Work to complete: Within the entries below, the lines from the one with "Learning Program Representations" through the one with "キャラメルコーティングの下に" are to be set down exactly, both ends kept.
BEGIN Given data
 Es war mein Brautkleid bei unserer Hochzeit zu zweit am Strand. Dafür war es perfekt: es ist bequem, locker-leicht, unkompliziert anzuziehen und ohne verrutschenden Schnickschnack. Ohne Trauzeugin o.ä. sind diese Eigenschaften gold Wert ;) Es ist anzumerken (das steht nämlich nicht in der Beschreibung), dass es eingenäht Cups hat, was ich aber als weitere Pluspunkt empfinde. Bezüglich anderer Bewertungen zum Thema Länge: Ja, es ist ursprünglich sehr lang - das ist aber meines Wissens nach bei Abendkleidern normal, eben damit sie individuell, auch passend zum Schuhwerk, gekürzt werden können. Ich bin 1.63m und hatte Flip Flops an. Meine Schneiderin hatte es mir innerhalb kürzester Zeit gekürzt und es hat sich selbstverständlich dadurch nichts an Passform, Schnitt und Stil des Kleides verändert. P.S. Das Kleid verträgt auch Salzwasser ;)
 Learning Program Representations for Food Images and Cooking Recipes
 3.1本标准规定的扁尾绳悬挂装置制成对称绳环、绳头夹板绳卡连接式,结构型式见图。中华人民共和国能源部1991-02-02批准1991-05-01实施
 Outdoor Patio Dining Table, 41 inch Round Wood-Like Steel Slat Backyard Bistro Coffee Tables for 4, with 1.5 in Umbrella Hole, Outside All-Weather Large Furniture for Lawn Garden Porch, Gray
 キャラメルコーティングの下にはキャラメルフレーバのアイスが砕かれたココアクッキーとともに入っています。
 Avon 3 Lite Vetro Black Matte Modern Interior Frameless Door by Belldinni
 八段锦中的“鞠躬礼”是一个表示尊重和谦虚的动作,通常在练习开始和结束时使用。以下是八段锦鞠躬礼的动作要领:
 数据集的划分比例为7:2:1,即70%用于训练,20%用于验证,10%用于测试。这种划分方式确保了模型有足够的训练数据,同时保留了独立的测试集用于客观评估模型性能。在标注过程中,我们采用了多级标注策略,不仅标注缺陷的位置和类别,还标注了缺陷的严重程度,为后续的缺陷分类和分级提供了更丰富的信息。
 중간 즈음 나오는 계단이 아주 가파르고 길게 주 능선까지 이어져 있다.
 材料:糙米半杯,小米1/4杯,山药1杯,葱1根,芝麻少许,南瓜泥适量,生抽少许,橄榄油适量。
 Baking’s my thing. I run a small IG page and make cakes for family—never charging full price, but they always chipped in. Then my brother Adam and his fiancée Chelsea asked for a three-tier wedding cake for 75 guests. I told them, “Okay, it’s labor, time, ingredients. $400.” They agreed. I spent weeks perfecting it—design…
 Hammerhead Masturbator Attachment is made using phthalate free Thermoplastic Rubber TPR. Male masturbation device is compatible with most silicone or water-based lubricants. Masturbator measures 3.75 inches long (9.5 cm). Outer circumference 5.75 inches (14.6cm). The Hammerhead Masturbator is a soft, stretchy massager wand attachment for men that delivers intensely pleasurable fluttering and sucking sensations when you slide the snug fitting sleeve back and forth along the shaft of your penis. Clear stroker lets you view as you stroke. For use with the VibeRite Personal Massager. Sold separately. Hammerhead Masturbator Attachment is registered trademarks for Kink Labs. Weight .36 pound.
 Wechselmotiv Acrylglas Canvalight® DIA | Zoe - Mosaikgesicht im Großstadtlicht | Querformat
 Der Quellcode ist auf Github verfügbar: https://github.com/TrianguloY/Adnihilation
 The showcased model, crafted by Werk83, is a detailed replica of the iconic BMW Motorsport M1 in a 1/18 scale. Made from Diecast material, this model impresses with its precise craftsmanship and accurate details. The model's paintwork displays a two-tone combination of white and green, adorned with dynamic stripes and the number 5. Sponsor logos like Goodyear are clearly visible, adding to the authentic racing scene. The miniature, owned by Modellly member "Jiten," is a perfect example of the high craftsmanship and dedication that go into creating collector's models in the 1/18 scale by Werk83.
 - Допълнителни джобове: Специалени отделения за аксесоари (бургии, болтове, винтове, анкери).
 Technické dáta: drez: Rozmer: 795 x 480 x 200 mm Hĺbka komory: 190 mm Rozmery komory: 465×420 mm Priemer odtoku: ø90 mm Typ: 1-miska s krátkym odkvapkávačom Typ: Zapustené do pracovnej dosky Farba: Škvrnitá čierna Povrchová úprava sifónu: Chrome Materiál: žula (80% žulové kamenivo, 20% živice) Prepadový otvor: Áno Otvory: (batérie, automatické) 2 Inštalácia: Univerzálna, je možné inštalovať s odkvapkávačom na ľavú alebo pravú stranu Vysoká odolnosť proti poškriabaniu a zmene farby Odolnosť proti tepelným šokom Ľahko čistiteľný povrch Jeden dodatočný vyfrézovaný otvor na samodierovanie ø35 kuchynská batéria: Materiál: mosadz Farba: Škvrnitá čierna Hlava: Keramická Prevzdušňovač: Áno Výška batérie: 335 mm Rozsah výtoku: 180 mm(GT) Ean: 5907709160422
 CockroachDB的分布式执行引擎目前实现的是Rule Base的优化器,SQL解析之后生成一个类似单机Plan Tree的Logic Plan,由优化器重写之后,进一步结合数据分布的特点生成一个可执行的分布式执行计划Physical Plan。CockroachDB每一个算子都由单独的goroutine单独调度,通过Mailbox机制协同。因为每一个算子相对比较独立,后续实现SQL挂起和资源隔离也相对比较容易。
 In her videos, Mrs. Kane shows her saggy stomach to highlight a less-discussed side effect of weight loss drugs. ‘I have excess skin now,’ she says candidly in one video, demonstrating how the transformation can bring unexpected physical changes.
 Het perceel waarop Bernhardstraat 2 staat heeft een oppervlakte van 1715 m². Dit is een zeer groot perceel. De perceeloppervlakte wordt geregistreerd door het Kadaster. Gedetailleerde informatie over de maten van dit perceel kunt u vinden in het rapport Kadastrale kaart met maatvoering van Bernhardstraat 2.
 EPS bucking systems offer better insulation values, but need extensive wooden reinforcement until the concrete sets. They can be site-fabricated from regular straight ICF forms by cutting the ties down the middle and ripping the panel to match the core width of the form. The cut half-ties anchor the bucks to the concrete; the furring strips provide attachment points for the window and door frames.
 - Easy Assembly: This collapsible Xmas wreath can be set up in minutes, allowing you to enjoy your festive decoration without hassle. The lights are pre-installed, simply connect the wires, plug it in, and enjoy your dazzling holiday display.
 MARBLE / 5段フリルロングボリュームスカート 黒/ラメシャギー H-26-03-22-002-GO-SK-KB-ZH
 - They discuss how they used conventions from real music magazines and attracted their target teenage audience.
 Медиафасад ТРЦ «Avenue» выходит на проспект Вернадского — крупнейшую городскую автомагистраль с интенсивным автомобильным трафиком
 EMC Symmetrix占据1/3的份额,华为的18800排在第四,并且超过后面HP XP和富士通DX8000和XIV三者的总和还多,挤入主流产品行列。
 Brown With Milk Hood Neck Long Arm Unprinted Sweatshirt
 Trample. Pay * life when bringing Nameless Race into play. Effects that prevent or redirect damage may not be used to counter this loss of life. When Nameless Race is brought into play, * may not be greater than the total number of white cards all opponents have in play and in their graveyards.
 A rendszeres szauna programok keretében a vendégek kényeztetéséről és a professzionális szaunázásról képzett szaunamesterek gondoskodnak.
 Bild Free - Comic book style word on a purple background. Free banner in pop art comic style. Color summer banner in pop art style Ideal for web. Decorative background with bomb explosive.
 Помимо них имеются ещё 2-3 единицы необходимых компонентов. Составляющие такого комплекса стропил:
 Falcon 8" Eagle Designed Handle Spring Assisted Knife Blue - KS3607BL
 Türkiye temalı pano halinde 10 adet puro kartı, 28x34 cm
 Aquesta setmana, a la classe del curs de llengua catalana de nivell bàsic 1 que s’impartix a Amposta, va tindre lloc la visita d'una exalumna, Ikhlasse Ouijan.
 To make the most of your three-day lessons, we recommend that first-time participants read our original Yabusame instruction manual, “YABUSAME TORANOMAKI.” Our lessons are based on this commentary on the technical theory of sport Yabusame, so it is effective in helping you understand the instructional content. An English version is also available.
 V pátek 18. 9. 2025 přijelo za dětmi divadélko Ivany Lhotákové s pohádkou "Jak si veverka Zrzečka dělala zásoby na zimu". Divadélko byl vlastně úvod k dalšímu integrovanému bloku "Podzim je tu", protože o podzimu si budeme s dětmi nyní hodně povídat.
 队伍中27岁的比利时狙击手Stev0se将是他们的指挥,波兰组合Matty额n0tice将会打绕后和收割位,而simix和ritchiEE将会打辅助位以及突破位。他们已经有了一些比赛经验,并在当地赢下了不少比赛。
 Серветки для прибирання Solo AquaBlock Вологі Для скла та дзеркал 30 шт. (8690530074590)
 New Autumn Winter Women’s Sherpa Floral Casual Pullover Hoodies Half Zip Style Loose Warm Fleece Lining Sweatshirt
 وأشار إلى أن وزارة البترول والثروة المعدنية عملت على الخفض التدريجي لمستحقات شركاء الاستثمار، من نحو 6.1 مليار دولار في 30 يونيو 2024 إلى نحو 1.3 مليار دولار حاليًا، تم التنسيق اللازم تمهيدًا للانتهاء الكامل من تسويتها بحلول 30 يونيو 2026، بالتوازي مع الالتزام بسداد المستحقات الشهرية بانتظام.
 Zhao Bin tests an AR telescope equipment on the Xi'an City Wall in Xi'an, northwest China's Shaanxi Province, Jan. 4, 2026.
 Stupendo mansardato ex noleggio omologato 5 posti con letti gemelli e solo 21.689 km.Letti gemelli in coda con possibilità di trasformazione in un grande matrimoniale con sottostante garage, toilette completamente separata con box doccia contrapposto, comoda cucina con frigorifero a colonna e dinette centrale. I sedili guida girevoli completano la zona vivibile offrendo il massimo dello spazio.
END Given data
Solved problem:
 Learning Program Representations for Food Images and Cooking Recipes
 3.1本标准规定的扁尾绳悬挂装置制成对称绳环、绳头夹板绳卡连接式,结构型式见图。中华人民共和国能源部1991-02-02批准1991-05-01实施
 Outdoor Patio Dining Table, 41 inch Round Wood-Like Steel Slat Backyard Bistro Coffee Tables for 4, with 1.5 in Umbrella Hole, Outside All-Weather Large Furniture for Lawn Garden Porch, Gray
 キャラメルコーティングの下にはキャラメルフレーバのアイスが砕かれたココアクッキーとともに入っています。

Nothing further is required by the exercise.